Dad served in the Army and fought in France after that country was invaded to liberate it from the German army. I was my dad’s buddy, being the youngest son to survive. I was followed in the birth line by a brother that died right after birth. Then came five girls so that left me as dad’s buddy. I went with him almost everywhere except when he went to work.
Dad never talked much about the war and his time in France. He did say that he saw hated drill sergeants shot in the back while charging. That was about the extent of his comments about the war. I don’t think he was proud of any enemies he might have shot. Mostly he talked about the mud that they had to slog through to get from place to place.
He did talk quite a bit about his basic training and his commanding officer, a Captain Bond. Dad was the best rifleman in his unit and won every competition event against shooters from other units. Capt. Bond always shared his winnings with dad; he said he made quite a bit of money for the Captain and himself.
He was proud of him throwing arm and told about one time there was a grenade throwing competition. Naturally, Capt. Bond entered him as the unit’s representative. They were throwing at a hollow stump to see who could put a grenade closest to the stump. When it came his turn he asked what would happen if he blew the stump out of the ground and everyone laughed as quite a few soldiers had thrown and no one was very close. Dad stopped their laughter by putting his grenade in the hollow of the stump and it wasn’t there for any more competition.
It is easy for me to remember him on this holiday as we were buddies. He taught me a lot about life and how to treat people.

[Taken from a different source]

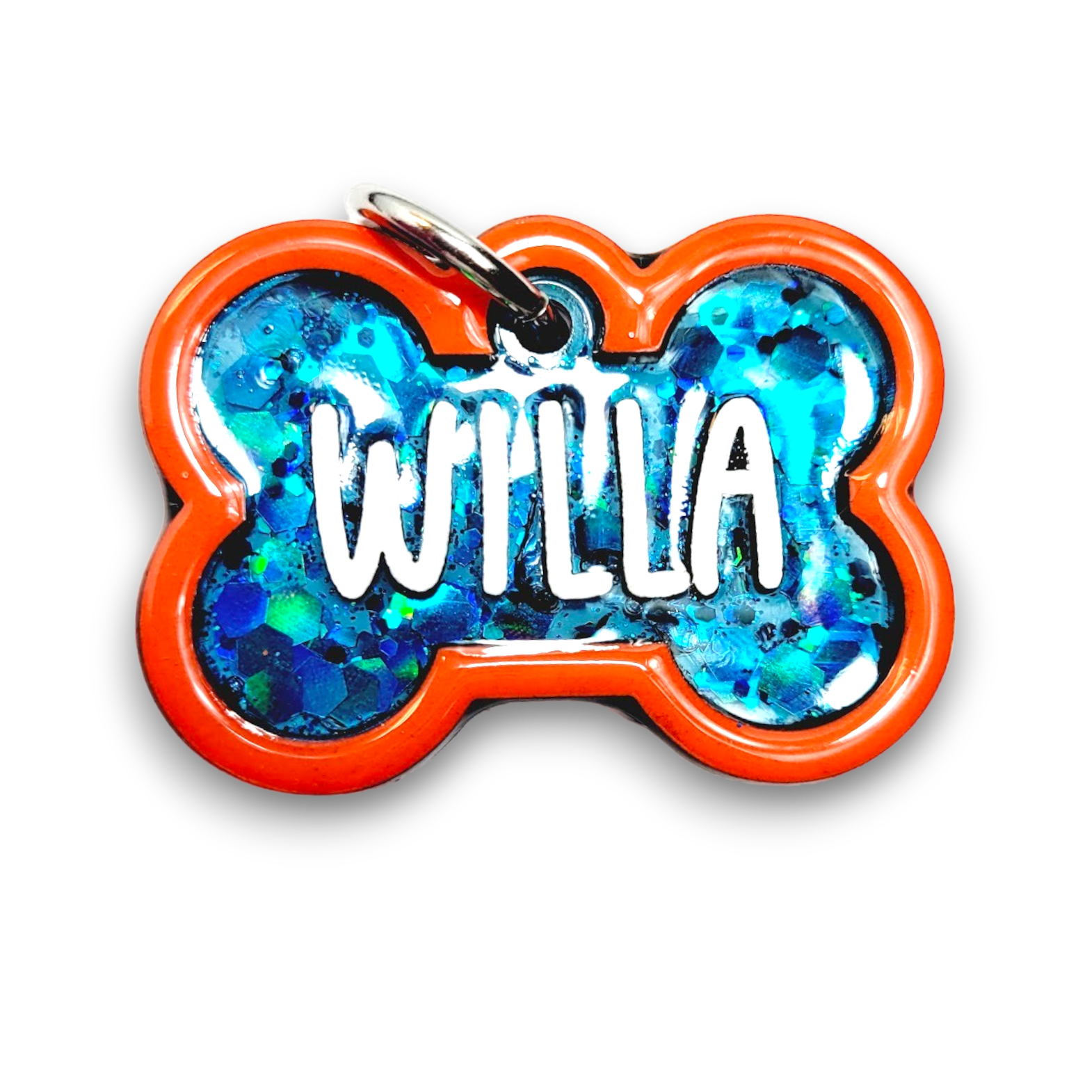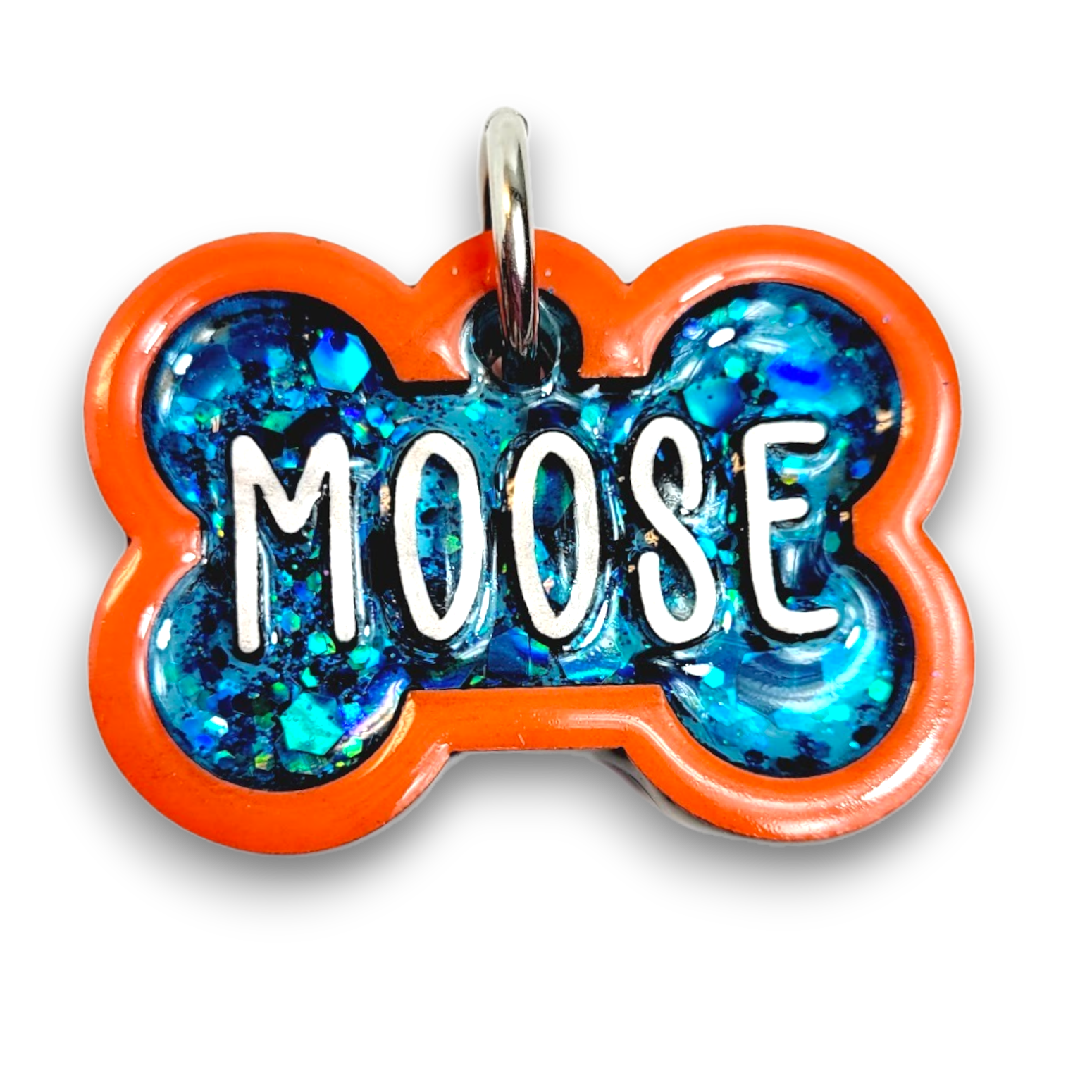 Our Poppin Select Series gives fur parents control over their customized tag. Choose from 16 colors and 12 sparkly fillings! Poppin Select Tags are approximately 1/4" thick- Please look at our tag size photo for full specs. Your pet's name will have a 3D effect and will POP! Each tag is hand painted and encased in UV Resin for durability and shine. Check out how they're made on our TikTok  & Instagram

One thing he said was that he wouldn’t put up with any man or boy who would mistreat a girl or woman.
Dad always kidded about “They burned down the schoolhouse to get him out of the fourth grade.” He was smart in a lot of ways besides book learning but he insisted that we get a good education. Most of us kids were high school graduates, but none went to college.
We have several graves on out family plot at the local Poplar Bluff cemetery, mom and dad, two sisters, and our son, Doug, who we visit quite often.